→ WHAT THE TASK ASKS
Line by line, transcribe the data below exactly and pass over the images.

→ GIVEN ENTRIES

※ ※ ※

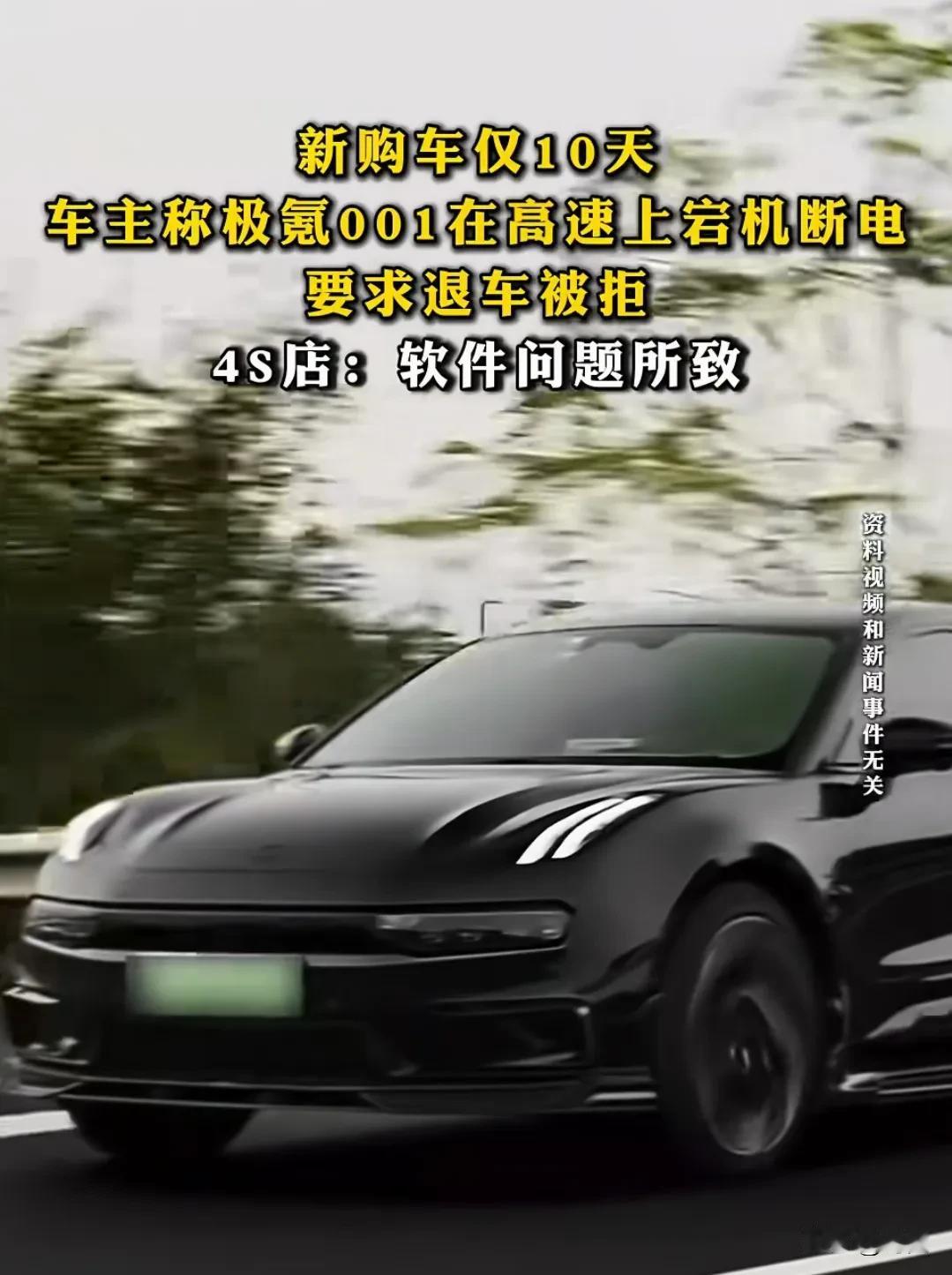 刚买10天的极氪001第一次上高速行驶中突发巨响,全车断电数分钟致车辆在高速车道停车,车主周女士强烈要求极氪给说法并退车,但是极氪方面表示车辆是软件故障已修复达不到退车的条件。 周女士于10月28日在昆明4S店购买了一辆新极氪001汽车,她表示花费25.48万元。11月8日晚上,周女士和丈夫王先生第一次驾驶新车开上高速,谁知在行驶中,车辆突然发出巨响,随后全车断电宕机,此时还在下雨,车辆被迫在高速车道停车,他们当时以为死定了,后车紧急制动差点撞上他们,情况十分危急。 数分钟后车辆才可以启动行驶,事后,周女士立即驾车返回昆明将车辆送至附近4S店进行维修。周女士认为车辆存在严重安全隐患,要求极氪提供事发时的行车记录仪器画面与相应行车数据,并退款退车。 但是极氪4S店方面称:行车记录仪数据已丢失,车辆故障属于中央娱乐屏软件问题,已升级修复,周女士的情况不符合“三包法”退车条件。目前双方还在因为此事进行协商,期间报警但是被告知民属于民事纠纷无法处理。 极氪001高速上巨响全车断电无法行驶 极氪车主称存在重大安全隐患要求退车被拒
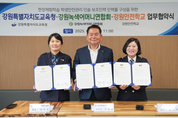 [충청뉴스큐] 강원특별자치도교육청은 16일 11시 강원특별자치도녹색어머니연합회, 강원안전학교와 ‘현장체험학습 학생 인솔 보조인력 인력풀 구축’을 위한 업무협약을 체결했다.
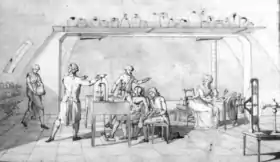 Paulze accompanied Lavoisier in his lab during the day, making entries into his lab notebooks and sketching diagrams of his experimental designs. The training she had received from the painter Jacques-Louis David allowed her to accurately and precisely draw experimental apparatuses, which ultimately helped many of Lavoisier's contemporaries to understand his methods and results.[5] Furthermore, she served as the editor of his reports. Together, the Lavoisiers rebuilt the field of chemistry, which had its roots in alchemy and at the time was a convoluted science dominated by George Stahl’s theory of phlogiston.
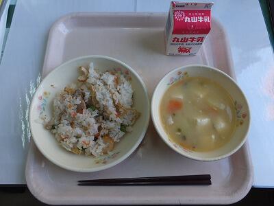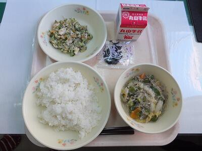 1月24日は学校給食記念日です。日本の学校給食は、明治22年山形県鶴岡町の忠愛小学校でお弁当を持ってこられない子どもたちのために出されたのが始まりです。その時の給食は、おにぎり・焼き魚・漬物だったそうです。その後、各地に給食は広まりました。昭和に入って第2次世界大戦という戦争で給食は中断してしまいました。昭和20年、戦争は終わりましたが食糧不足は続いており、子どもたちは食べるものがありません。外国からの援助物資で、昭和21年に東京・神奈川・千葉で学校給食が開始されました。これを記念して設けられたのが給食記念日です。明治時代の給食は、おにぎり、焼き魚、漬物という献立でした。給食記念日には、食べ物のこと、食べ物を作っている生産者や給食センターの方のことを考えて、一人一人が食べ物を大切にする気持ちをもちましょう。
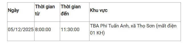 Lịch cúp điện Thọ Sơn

※ ※ ※

→ EXERCISE OUTPUT
 刚买10天的极氪001第一次上高速行驶中突发巨响,全车断电数分钟致车辆在高速车道停车,车主周女士强烈要求极氪给说法并退车,但是极氪方面表示车辆是软件故障已修复达不到退车的条件。 周女士于10月28日在昆明4S店购买了一辆新极氪001汽车,她表示花费25.48万元。11月8日晚上,周女士和丈夫王先生第一次驾驶新车开上高速,谁知在行驶中,车辆突然发出巨响,随后全车断电宕机,此时还在下雨,车辆被迫在高速车道停车,他们当时以为死定了,后车紧急制动差点撞上他们,情况十分危急。 数分钟后车辆才可以启动行驶,事后,周女士立即驾车返回昆明将车辆送至附近4S店进行维修。周女士认为车辆存在严重安全隐患,要求极氪提供事发时的行车记录仪器画面与相应行车数据,并退款退车。 但是极氪4S店方面称:行车记录仪数据已丢失,车辆故障属于中央娱乐屏软件问题,已升级修复,周女士的情况不符合“三包法”退车条件。目前双方还在因为此事进行协商,期间报警但是被告知民属于民事纠纷无法处理。 极氪001高速上巨响全车断电无法行驶 极氪车主称存在重大安全隐患要求退车被拒
 [충청뉴스큐] 강원특별자치도교육청은 16일 11시 강원특별자치도녹색어머니연합회, 강원안전학교와 ‘현장체험학습 학생 인솔 보조인력 인력풀 구축’을 위한 업무협약을 체결했다.
 Paulze accompanied Lavoisier in his lab during the day, making entries into his lab notebooks and sketching diagrams of his experimental designs. The training she had received from the painter Jacques-Louis David allowed her to accurately and precisely draw experimental apparatuses, which ultimately helped many of Lavoisier's contemporaries to understand his methods and results.[5] Furthermore, she served as the editor of his reports. Together, the Lavoisiers rebuilt the field of chemistry, which had its roots in alchemy and at the time was a convoluted science dominated by George Stahl’s theory of phlogiston.
 1月24日は学校給食記念日です。日本の学校給食は、明治22年山形県鶴岡町の忠愛小学校でお弁当を持ってこられない子どもたちのために出されたのが始まりです。その時の給食は、おにぎり・焼き魚・漬物だったそうです。その後、各地に給食は広まりました。昭和に入って第2次世界大戦という戦争で給食は中断してしまいました。昭和20年、戦争は終わりましたが食糧不足は続いており、子どもたちは食べるものがありません。外国からの援助物資で、昭和21年に東京・神奈川・千葉で学校給食が開始されました。これを記念して設けられたのが給食記念日です。明治時代の給食は、おにぎり、焼き魚、漬物という献立でした。給食記念日には、食べ物のこと、食べ物を作っている生産者や給食センターの方のことを考えて、一人一人が食べ物を大切にする気持ちをもちましょう。
 Lịch cúp điện Thọ Sơn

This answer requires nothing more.